(To do):
In your copy, each line below is repeated exactly and no image appears.

(Given material):
• • • • •

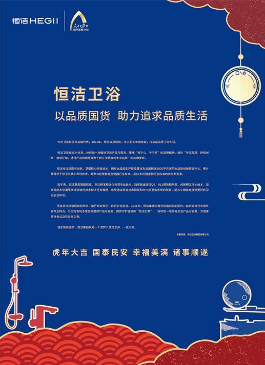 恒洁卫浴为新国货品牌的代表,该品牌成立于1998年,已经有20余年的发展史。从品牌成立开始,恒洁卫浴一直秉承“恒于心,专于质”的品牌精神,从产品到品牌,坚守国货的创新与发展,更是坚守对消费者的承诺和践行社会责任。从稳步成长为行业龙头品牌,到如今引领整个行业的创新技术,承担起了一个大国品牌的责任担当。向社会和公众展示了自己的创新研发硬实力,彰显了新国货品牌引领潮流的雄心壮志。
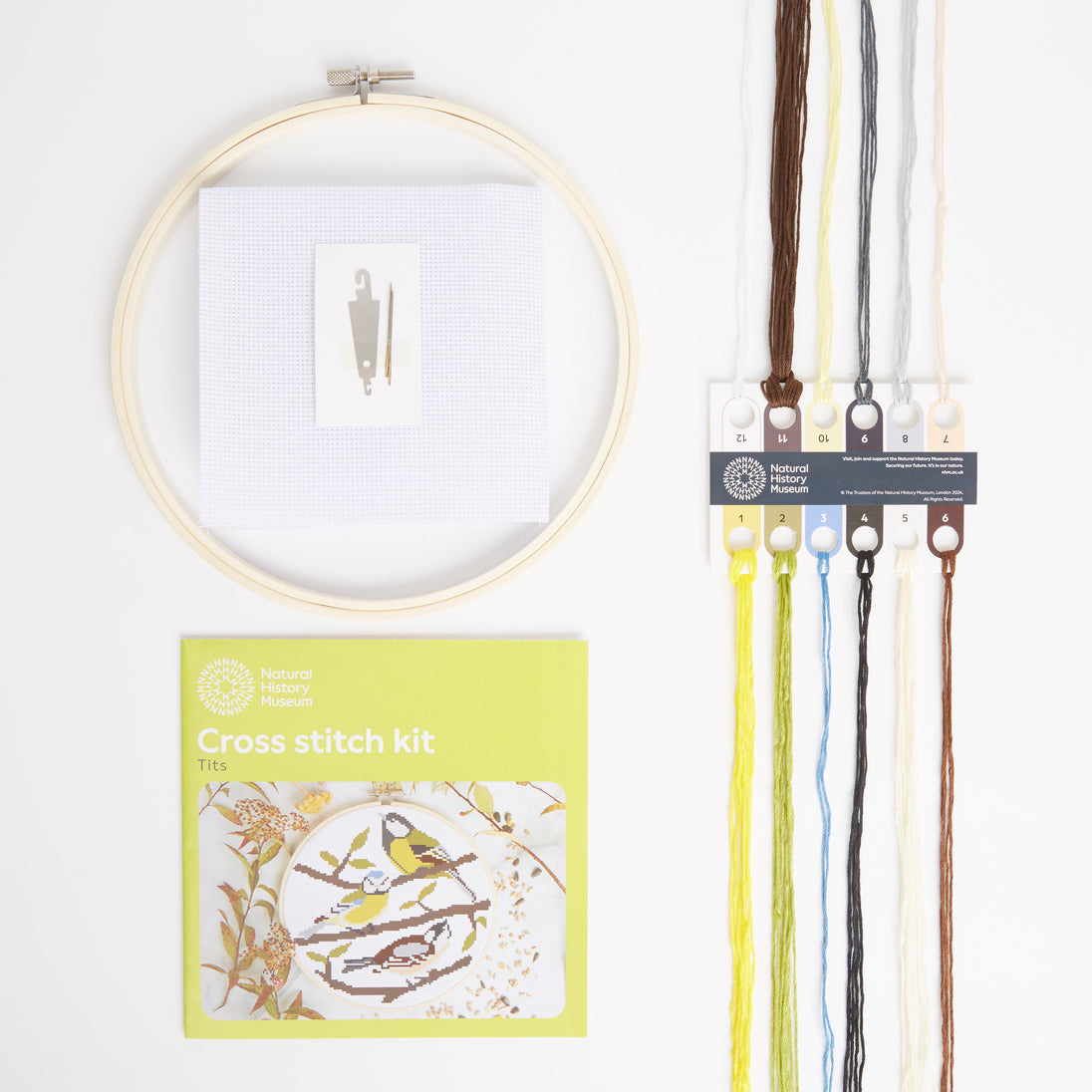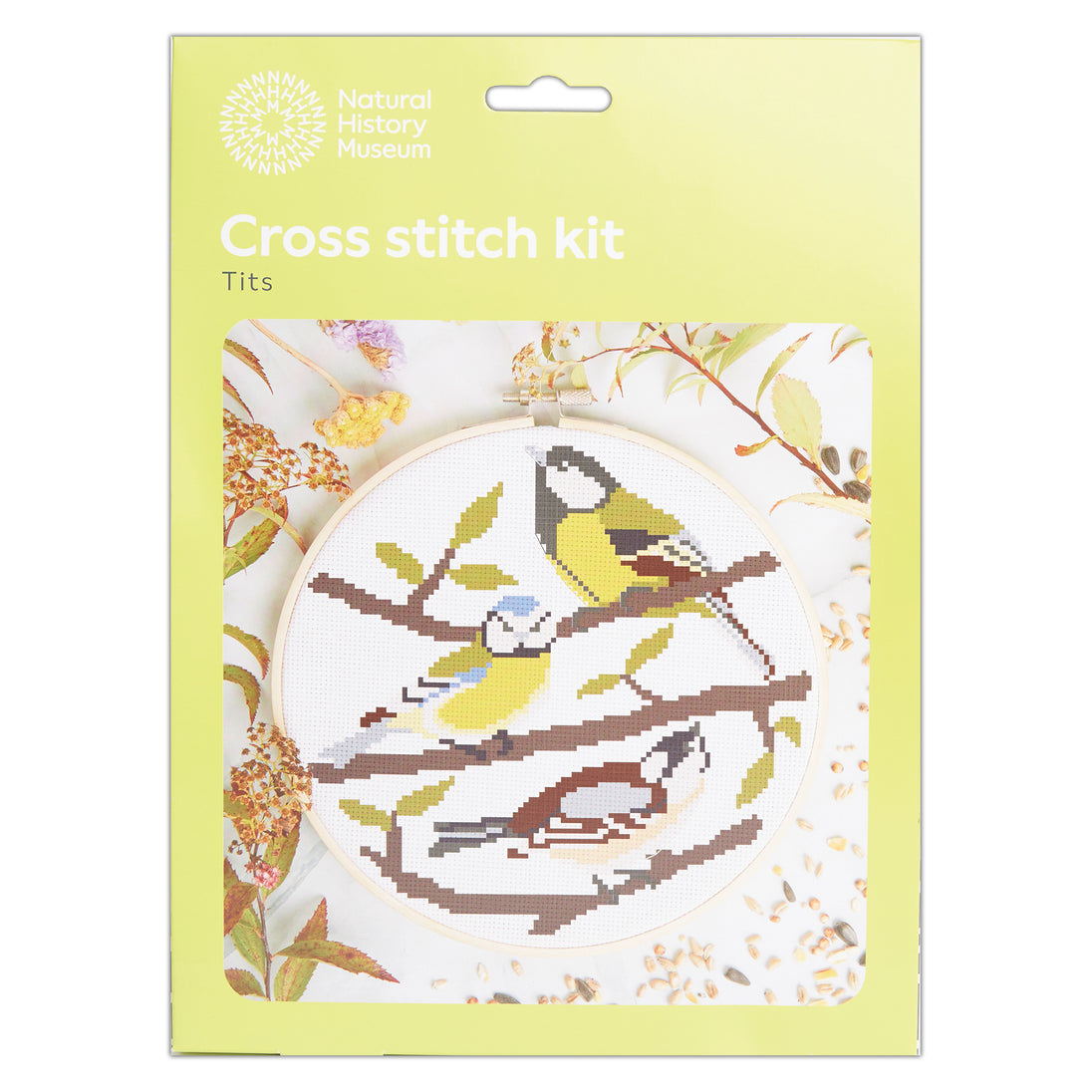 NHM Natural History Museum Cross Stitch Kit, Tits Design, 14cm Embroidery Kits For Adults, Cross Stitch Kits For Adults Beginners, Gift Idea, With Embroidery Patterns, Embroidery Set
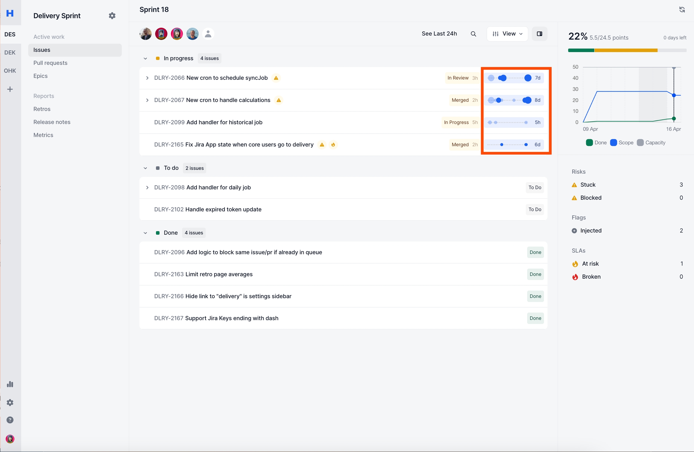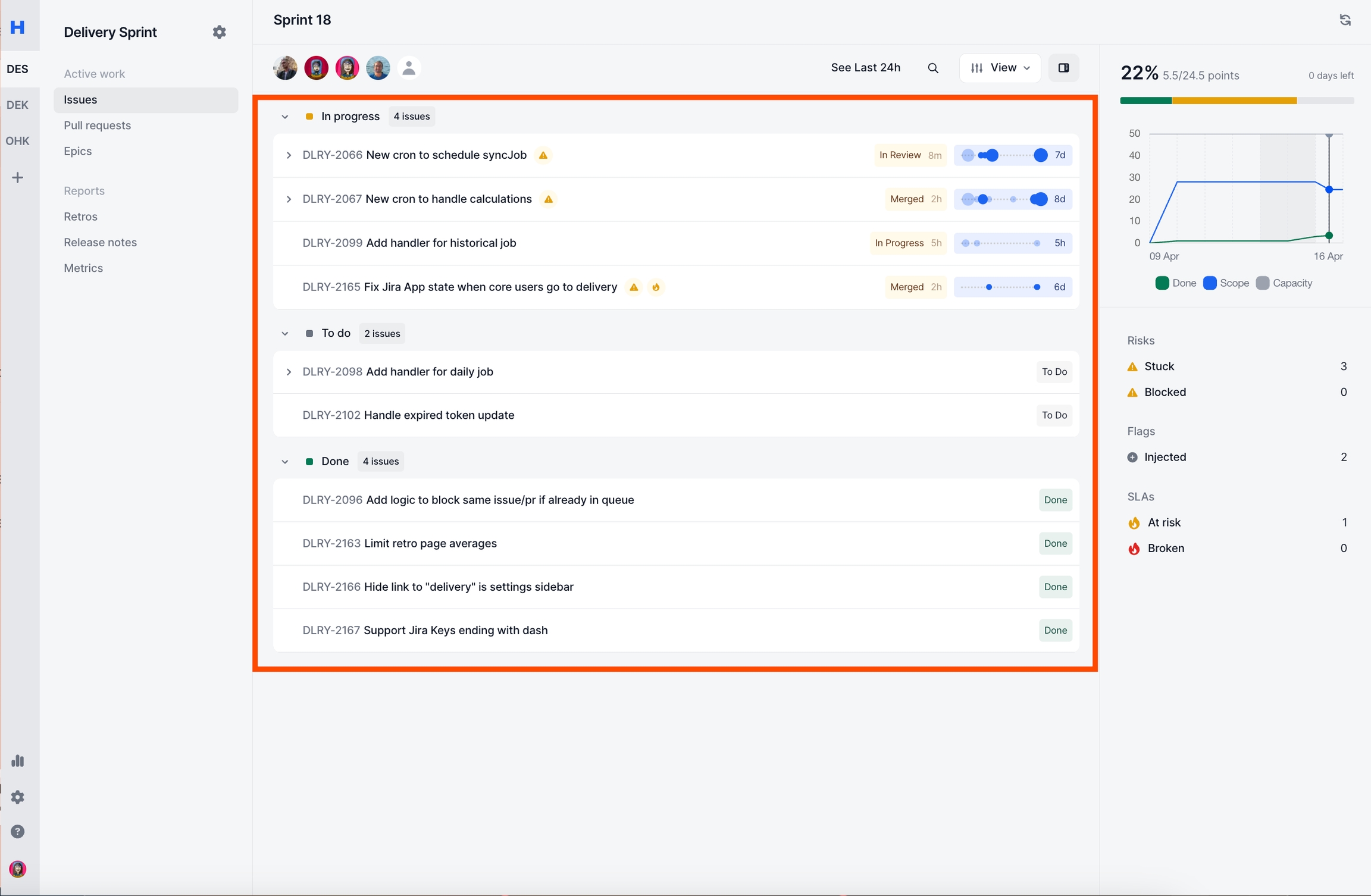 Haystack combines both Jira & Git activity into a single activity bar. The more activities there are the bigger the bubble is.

• • • • •

(Result for this task):
 恒洁卫浴为新国货品牌的代表,该品牌成立于1998年,已经有20余年的发展史。从品牌成立开始,恒洁卫浴一直秉承“恒于心,专于质”的品牌精神,从产品到品牌,坚守国货的创新与发展,更是坚守对消费者的承诺和践行社会责任。从稳步成长为行业龙头品牌,到如今引领整个行业的创新技术,承担起了一个大国品牌的责任担当。向社会和公众展示了自己的创新研发硬实力,彰显了新国货品牌引领潮流的雄心壮志。
 NHM Natural History Museum Cross Stitch Kit, Tits Design, 14cm Embroidery Kits For Adults, Cross Stitch Kits For Adults Beginners, Gift Idea, With Embroidery Patterns, Embroidery Set
 Haystack combines both Jira & Git activity into a single activity bar. The more activities there are the bigger the bubble is.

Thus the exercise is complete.